▸ Work to complete:
Give the lines again exactly as they appear below, from the line with "Wooden gate on" to the line with "Футболка для девочки", both included, and only those lines. Leave every picture out.

▸ Supplied entries:

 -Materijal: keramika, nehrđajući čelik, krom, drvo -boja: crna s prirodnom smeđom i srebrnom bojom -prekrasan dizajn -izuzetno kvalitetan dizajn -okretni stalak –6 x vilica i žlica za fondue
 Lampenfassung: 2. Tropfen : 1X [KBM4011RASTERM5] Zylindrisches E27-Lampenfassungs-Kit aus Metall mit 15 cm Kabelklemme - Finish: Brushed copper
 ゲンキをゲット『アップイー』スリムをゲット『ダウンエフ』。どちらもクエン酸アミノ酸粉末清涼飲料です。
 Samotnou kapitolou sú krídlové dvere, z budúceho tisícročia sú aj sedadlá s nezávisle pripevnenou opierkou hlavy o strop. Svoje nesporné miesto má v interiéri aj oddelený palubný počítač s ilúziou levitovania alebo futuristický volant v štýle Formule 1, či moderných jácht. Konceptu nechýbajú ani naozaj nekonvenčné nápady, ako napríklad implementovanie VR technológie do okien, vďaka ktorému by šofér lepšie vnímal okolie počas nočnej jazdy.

...

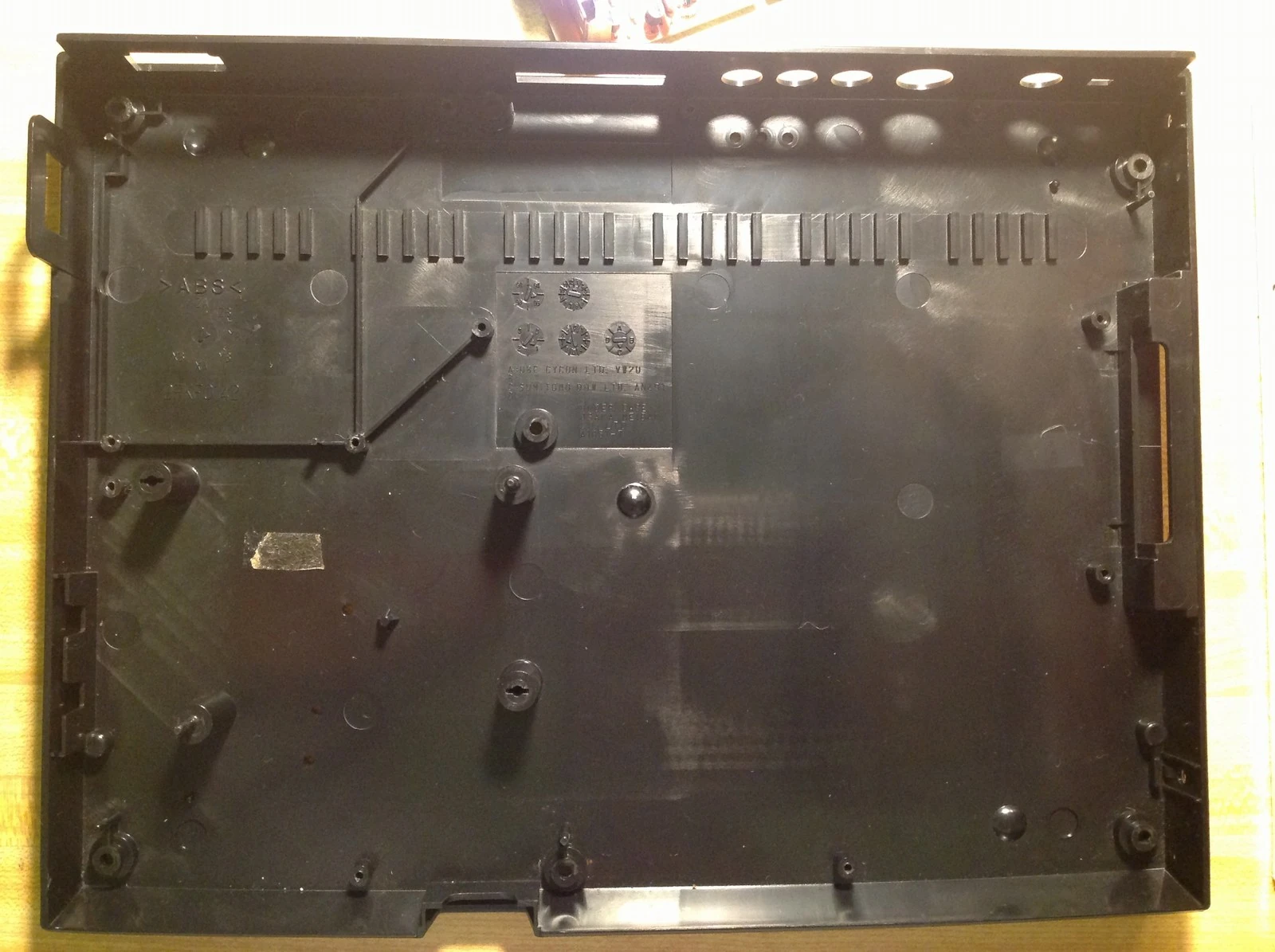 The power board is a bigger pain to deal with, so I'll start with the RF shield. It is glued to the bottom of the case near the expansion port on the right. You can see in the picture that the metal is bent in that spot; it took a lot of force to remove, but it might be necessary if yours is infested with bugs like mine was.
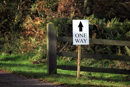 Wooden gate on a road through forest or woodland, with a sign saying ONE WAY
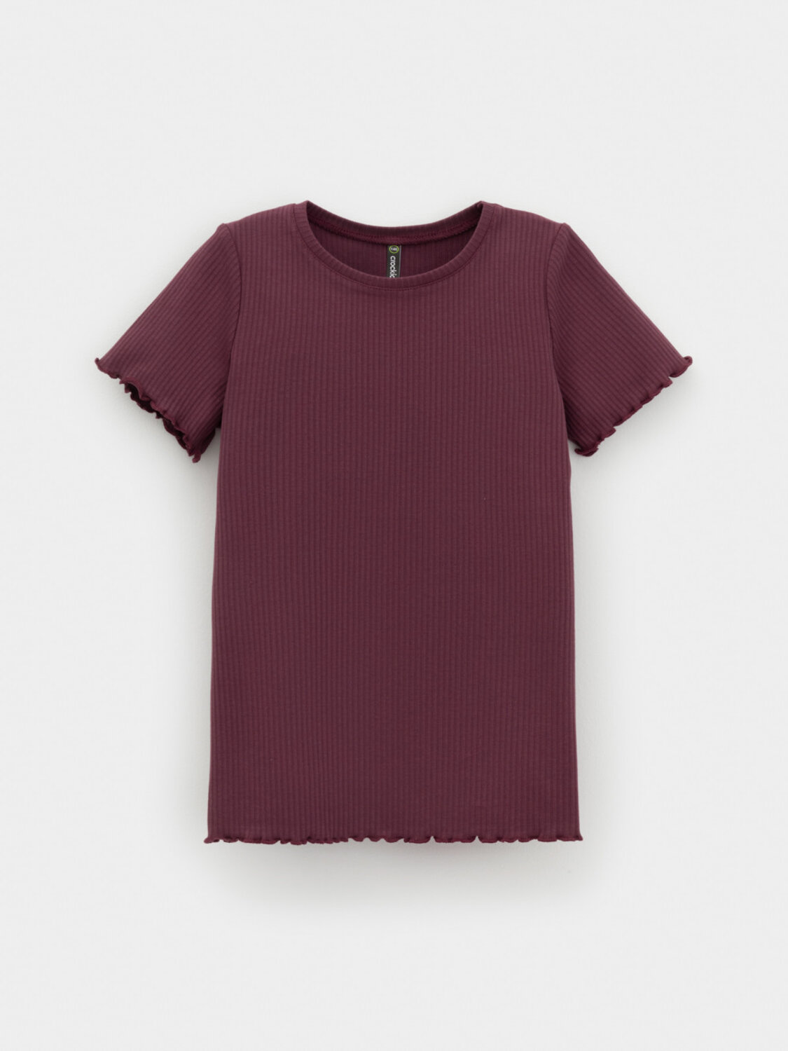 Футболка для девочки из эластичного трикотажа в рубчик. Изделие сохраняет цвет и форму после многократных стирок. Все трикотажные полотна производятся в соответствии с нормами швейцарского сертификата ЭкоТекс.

▸ Solution to this problem:
 Wooden gate on a road through forest or woodland, with a sign saying ONE WAY
 Футболка для девочки из эластичного трикотажа в рубчик. Изделие сохраняет цвет и форму после многократных стирок. Все трикотажные полотна производятся в соответствии с нормами швейцарского сертификата ЭкоТекс.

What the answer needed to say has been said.